* To do
Using the records below, give again exactly the lines from the line that contains "L'equip màster pratenc" through the line that contains "Aquesta competició per", both ends included, and only those.

* Data extract
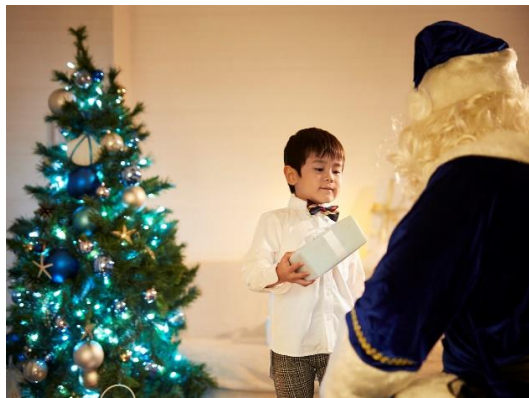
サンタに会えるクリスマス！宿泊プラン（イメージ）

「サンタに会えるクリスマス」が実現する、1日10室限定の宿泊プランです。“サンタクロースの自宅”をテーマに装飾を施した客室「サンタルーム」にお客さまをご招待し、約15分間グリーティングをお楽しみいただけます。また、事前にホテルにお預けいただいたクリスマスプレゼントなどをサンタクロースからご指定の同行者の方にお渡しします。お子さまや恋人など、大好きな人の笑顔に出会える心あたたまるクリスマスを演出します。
--
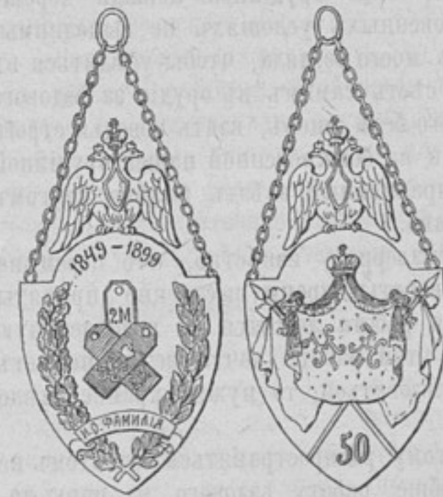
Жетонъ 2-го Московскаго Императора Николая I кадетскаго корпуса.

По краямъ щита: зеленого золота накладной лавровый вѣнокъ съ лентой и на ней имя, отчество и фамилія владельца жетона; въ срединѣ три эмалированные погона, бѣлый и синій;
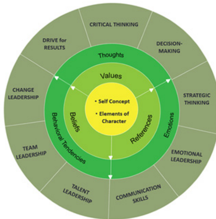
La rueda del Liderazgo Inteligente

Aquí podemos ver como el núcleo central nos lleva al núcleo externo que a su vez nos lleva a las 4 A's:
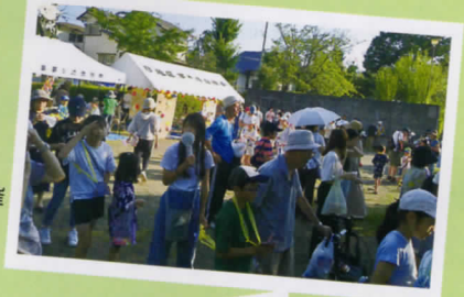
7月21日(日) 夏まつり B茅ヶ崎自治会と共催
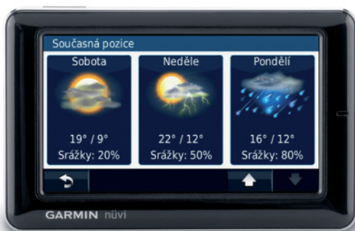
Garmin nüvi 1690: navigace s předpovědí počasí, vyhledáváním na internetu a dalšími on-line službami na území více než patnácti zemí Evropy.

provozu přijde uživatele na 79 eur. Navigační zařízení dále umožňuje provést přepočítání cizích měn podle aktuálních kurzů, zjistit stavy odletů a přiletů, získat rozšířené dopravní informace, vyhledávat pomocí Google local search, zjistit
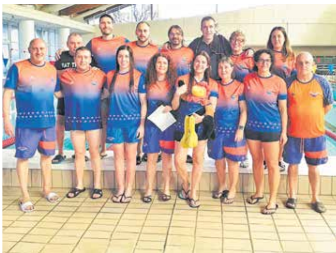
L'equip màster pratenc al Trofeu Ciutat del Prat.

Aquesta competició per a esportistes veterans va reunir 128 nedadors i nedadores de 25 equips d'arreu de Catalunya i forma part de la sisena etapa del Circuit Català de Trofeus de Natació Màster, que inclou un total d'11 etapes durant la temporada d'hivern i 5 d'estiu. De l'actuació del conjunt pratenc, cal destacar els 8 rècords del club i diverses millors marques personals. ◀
==
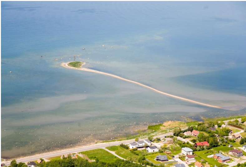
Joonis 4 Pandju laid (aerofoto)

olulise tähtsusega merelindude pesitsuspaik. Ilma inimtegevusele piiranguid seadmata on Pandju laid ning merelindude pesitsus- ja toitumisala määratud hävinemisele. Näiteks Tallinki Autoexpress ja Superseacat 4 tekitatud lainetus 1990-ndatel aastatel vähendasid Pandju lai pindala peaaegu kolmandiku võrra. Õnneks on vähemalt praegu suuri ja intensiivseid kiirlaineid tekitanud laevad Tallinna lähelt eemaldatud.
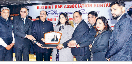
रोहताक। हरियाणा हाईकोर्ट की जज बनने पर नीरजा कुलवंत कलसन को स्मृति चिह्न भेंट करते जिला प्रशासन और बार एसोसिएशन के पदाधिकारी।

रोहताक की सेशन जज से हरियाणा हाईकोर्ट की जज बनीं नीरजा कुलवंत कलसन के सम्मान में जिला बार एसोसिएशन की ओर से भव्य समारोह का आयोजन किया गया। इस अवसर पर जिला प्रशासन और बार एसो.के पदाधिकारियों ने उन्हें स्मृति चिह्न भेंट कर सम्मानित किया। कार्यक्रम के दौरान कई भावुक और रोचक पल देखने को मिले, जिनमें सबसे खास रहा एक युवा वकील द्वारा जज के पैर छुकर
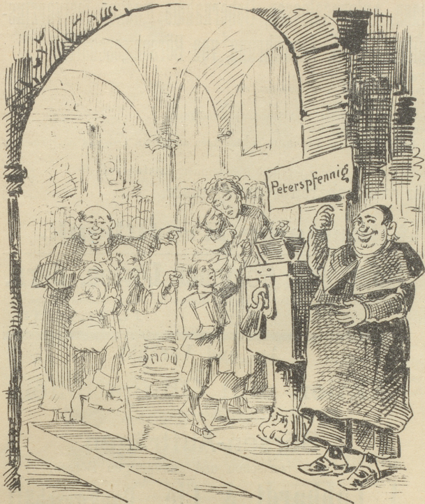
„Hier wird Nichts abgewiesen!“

* Finished exercise
L'equip màster pratenc al Trofeu Ciutat del Prat.

Aquesta competició per a esportistes veterans va reunir 128 nedadors i nedadores de 25 equips d'arreu de Catalunya i forma part de la sisena etapa del Circuit Català de Trofeus de Natació Màster, que inclou un total d'11 etapes durant la temporada d'hivern i 5 d'estiu. De l'actuació del conjunt pratenc, cal destacar els 8 rècords del club i diverses millors marques personals. ◀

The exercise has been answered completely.